Так прошло недели полторы. И вот началось нечто такое, что трудно даже определить словом. Какое-то беспокойство, брожение, какое-то странное состояние. Нет, не подобрать выражения! В общем, все как-то засуетились, забегали. В метро, в кино, на улицах появились люда, которые подходили к другим и заискивающе улыбаясь, начинали разговор о своих болезнях, о рыбной ловле, о качестве капроновых чулок - словом, о чем угодно. И если их не обрывали сразу и выслушивали, они долго жали собеседнику руку, благодарно и проникновенно глядя в глаза. А доугие - особенно молодежь - стали крикливыми, нахальными, всяк выпендривался на свой лад; больше обычного пели на улицах и орали стихи, преимущественно Есенина. Да, кстати насчет стихов. "Литература и жизнь" дала подборку стихотворений о предстоящем событии - Безыменского, Михалкова, Софронова и других. Сейчас, к сожалению, я не смог достать этот номер, сколько не пытался, но кусок из софроновского стихотворения помню наизусть:
Гудели станки Ростсельмаша,
Фабричные пели гудки,
Великая партия наша
Троцкистов брала за грудки.
Мне было в ту пору семнадцать,
От зрелости был я далек,
Я в людях не мог разобраться,
Удар соразмерить не мог.
И, может, я пел тогда громче,
Но не был спокоен и смел:
Того, пожалев, не прикончил,
Другого добить не сумел...
В совершенно астрономическом количестве появились анекдоты; Володька Маргулис бегал от одного приятеля к другому и, захлебываясь, рассказывал их. Он же, выложив мне как-то весь свой запас, сообщил о том, что Игорь на каком-то собрании у себя в академии высказался в том смысле, что 10 августа есть результат мудрой политики нашей партии, что Указ еще раз свидетельствует о развертывании творческой инициативы народных масс - ну, и так далее, в обычном духе.

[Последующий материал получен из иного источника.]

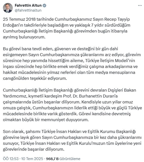 Altun görevden alınmasının ardından sosyal medya hesabından açıklamada bulundu. Erdoğan’a teşekkür eden Altun şu ifadeleri kullandı; “25 Temmuz 2018 tarihinde Cumhurbaşkanımız Sayın Recep Tayyip Erdoğan’ın takdirleriyle başladığım ve yaklaşık 7 yıldır sürdürdüğüm Cumhurbaşkanlığı İletişim Başkanlığı görevimden bugün itibarıyla ayrılmış bulunuyorum.

- Понимаешь, Толька, - сказал он, - хотя я и знал, что Игорь - карьерист и все такое, но этого я от него не ожидал.
- А почему? - спросил я. - А что тут особенного? Поручили выступить - он и выступил: был бы ты, как Игорь, членом партии, и ты бы высказывался на всю катушку.
- Я? - Никогда! Во-первых, я ни за что не вступлю в партию, во-вторых...

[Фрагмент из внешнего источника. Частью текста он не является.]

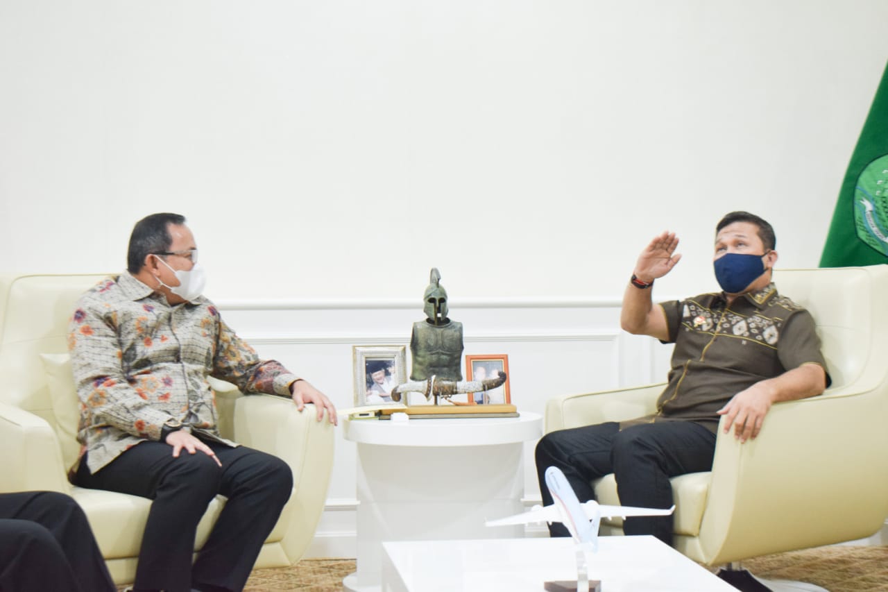 MUBA, – Bupati Musi Banyuasin Dr H Dodi Reza Alex Noerdin menerima kunjungan Kepala Badan Intelijen Negara (BIN) Daerah Provinsi Sumatera Selatan (Sumsel), Brigjen TNI Armansyah SH di ruang audiensi Bupati Muba, Senin (19/4/2021).

- Во-первых, во-вторых, не ори. Чем ты лучше Игоря? А ты у себя в школе во время дела врачей не трепался о национализме?
Я сказал и сразу пожалел, что сказал. Это его больное место. Он простить себе не может, что на какое-то время тогда поверил газетам.

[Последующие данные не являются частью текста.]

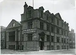 The RMCM opened in 1893 in a former club building on the corner of Ducie Grove and Ducie Street,[2] near Oxford Road. The building was adapted for use as a college by the architects Salomons and Steinthal, and contained a 400-seat concert hall lined with walnut wood panelling, classrooms, a library and offices. According to the Manchester Guardian, instead of a formal opening ceremony, donors were invited to a conversazione with Sir Charles Hallé and other musicians on Saturday October 7, 1893.[3] Students were admitted in October 1893.[4][5]

- Расскажи лучше, что у тебя с Нинкой. - сказал я примирительно. - Ты её давно видел? Володька оживился.
- Понимаешь, Толя, трудно я люблю, - сказал он, - трудно. Я ей вчера позвонил, говорю, что хочу её видеть, а она отвечает...
И Володька принялся подробно рассказывать, что она ему ответила, что он ей сказал, что они оба сказали.
- Понимаешь, Толя, ты же меня знаешь, я человек не сентиментальный, но тогда я чуть не заревел...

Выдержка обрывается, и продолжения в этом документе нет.